Beer, Fries and Chocolate? What more could you want? Throw in great coffee, raw food, decadent architecture, quirky customs and the most friendly people on Earth and you've got Belgium (or more accuratley, Ghent).





Becoming accustomed to www.blablacar.com, we took a carshare on a rainy afternoon from Paris to Brussells where the circles of our travels began repeating on themselves. We made rendezvous with a Taiwanese lady who we met in a canoe on the Lake in Pokara, Nepal. Mai has been living and working as an artist in Brussells for 22 years. It's so strange and wonderful to be seeing an old friend on the other side of the world, albeit another English speaking human who we spent half an hour with for the sake of convenience.
Mai gave us a brief tour of one of the most grande squares in Europe before we settled in for a cozy beer in the most ornate room that I've ever worn a t-shirt and shorts in. Lauren and I commented that we immediately felt a sense of ease in Brussells in stark contrast to Paris. We tried some local dishes and felt at home amongst warm stews and absurdly grown white asparagus - something a little more rustic than the refined peasant food of France. Mei took us back to her designer apartment (DIY), and with so much style, took a knife from the draw and proceeded to sharpen it on the bottom of a ceramic mug. We shared stories of India and Nepal over Leffe and cured meat and blew off our early morning ride. It turns out that you can get anywhere in Belgium in under an hour for 7euro by train. We lightened our load, leaving some bags behind and boarded the train to Bruges / Brugge.
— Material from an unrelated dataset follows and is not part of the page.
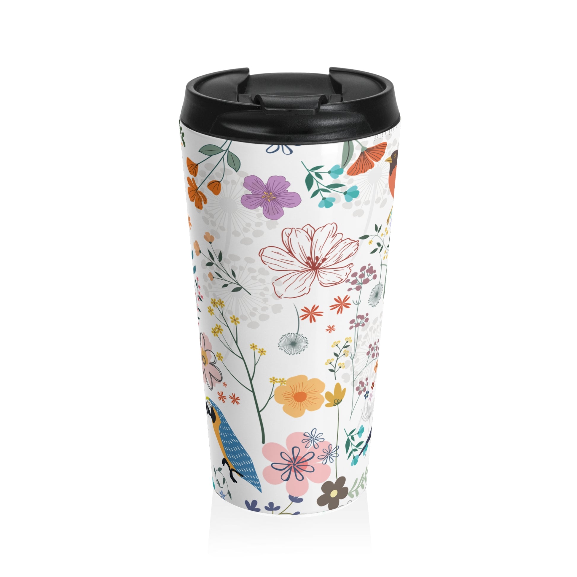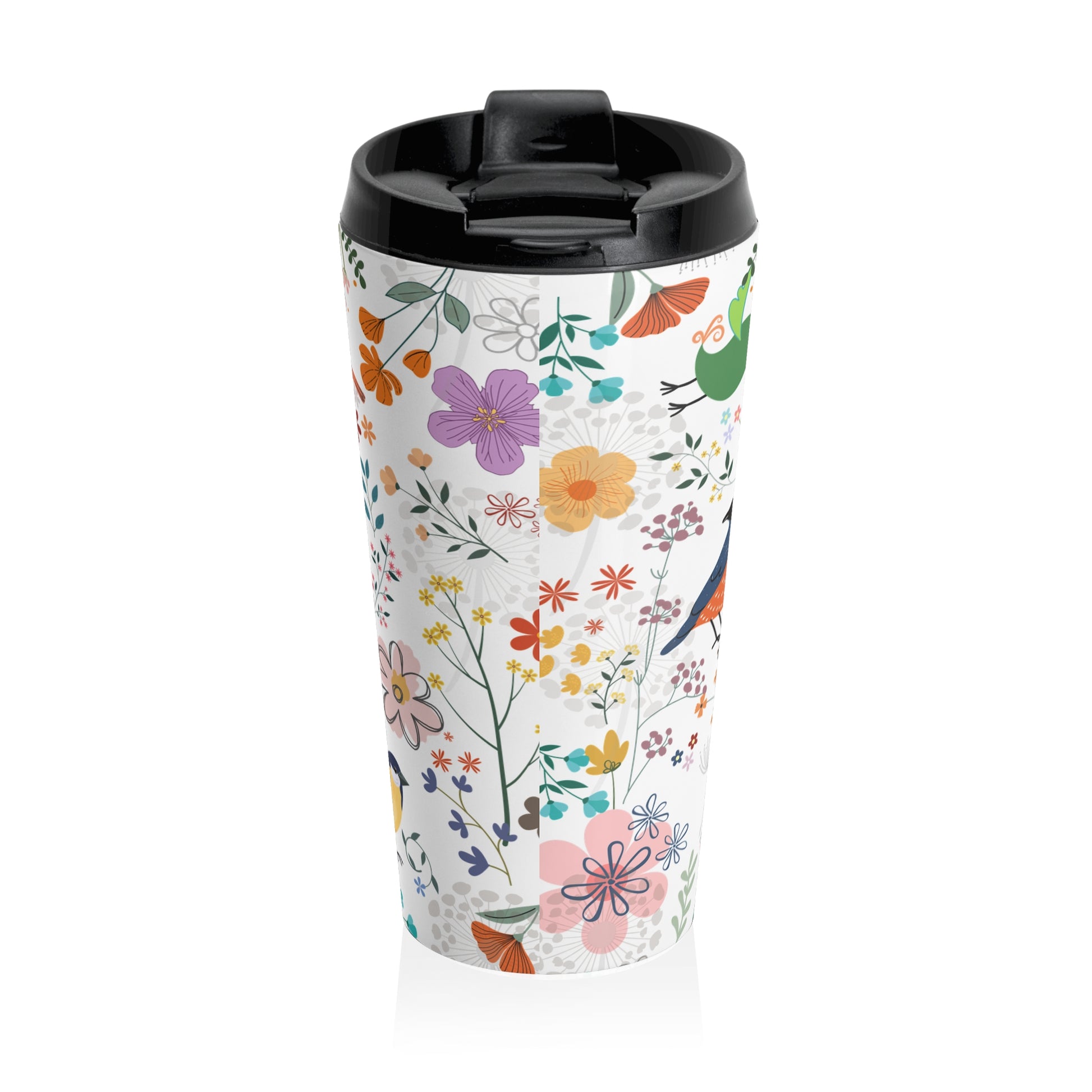 Floral Stainless Steel Travel Mug – Eco-Friendly Coffee Tumbler, Nature Lover Gift, Spring Drinkware for Outdoor Adventures

Bruges is an astonishing little village, perfectly preserved as an outdoor museum of the 13th Century. The second zone of the city is modern, and that's where we had our most creepy couch surfing experience to date. We stayed with a very strange man indeed. He was harmless, but his house smelled of cheese balls and had pictures of him with famous people or latino women. He had a printed piece of paper on his door which cautioned ''Don't EVER wake me... unless it's for sex or the house is on fire''. We half expected to wake during the night and see the glimmer of his teeth and eyeballs as he watched us sleep. We didn't wake to such a sight and as far as I know, he slept in his room, sans sex with another human. As you can imagine, we got out of there ASAP in the morning, stashed our bags in a locker at the train station before learning the art of frying a chip and making chocolate. It's as underwhelming as it sounds, but Andalusian Sauce (actually from Belgium) is delicious. A side benefit was learning the history behind the term ''French Fries''.



Next stop on our whirlwind tour of Belgium became our favourite town in Europe. Ghent. The mediaeval feel of Brugge with the addition of a university creates ambience and a ''lived in'' feeling. Ghent boasts its own 12th century fortified castle which has only been taken twice - once in the 1950's by students who were protesting beer prices. Beer is a way of life in Ghent. On a sunny summers day you will see the city filled with people, drinking out of brew-specific glassware on the canals. On weekends it's common to see a mobile bar powered by men drinking beer careening over the car-free cobblestone. We were witness to many raucous bucks and hens parties (Lauren signed a hairy man's stomach) and we've been told that O-week is brutal.
One evening we left our wallet in a cafe. When we ran back with our CS host, Steijn, much to our dismay, the cafe was closed for the long weekend. By chance, the owner arrived, a little tipsy, she let us in, found the wallet with all the money in it and gave us a round of beers to celebrate.


We caught up with Bri and Lilith both in Ghent and Antwerp. Inter-city travel is like suburban travel for Belgians. It was great to drink Belgians best coffee (usually from Caffienation) with friends from home, throw disc again and always eat frites (chips). Our CS host in Antwerp also gave us a full expository of European Gin, which was most welcome on these stormy nights which left Antwerp looking like a warzone.
We returned to Brussels only to be exploited by Ryan Air. We will never use a budget airline again.